**Requirement**
Pictures are to be dropped, and only the lines from the one containing "IoT Researcher Malware" through the end of the data below are to be reproduced as written.

**Source material**
------------

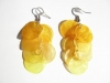 Veselé a lehoučké náušnice z perleťových plátků ve žlutooranžové barvě. Rozměry cca 2 x 7 cm. Průměr placiček 2 cm. Každá náušnice obsahuje celkem 7 perleťových plátků. Uvedená cena je za 1 pár (2 kusy).
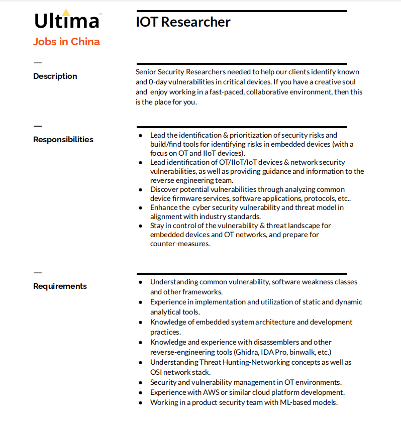 IoT Researcher Malware Analysis Penetration Testing in Mobile Applications Penetration Testing Web Application Research Automation Developer work from home (最好base深圳)
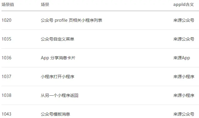 部分场景值下还可以获取来源应用、公众号或小程序的appId
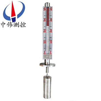 3、液位計安裝完畢后,需用磁鋼進行校正,對磁翻柱導(dǎo)引一次,使零位以下顯示有紅色,零位以上顯示為白色。

------------

**Expected output**
 IoT Researcher Malware Analysis Penetration Testing in Mobile Applications Penetration Testing Web Application Research Automation Developer work from home (最好base深圳)
 部分场景值下还可以获取来源应用、公众号或小程序的appId
 3、液位計安裝完畢后,需用磁鋼進行校正,對磁翻柱導(dǎo)引一次,使零位以下顯示有紅色,零位以上顯示為白色。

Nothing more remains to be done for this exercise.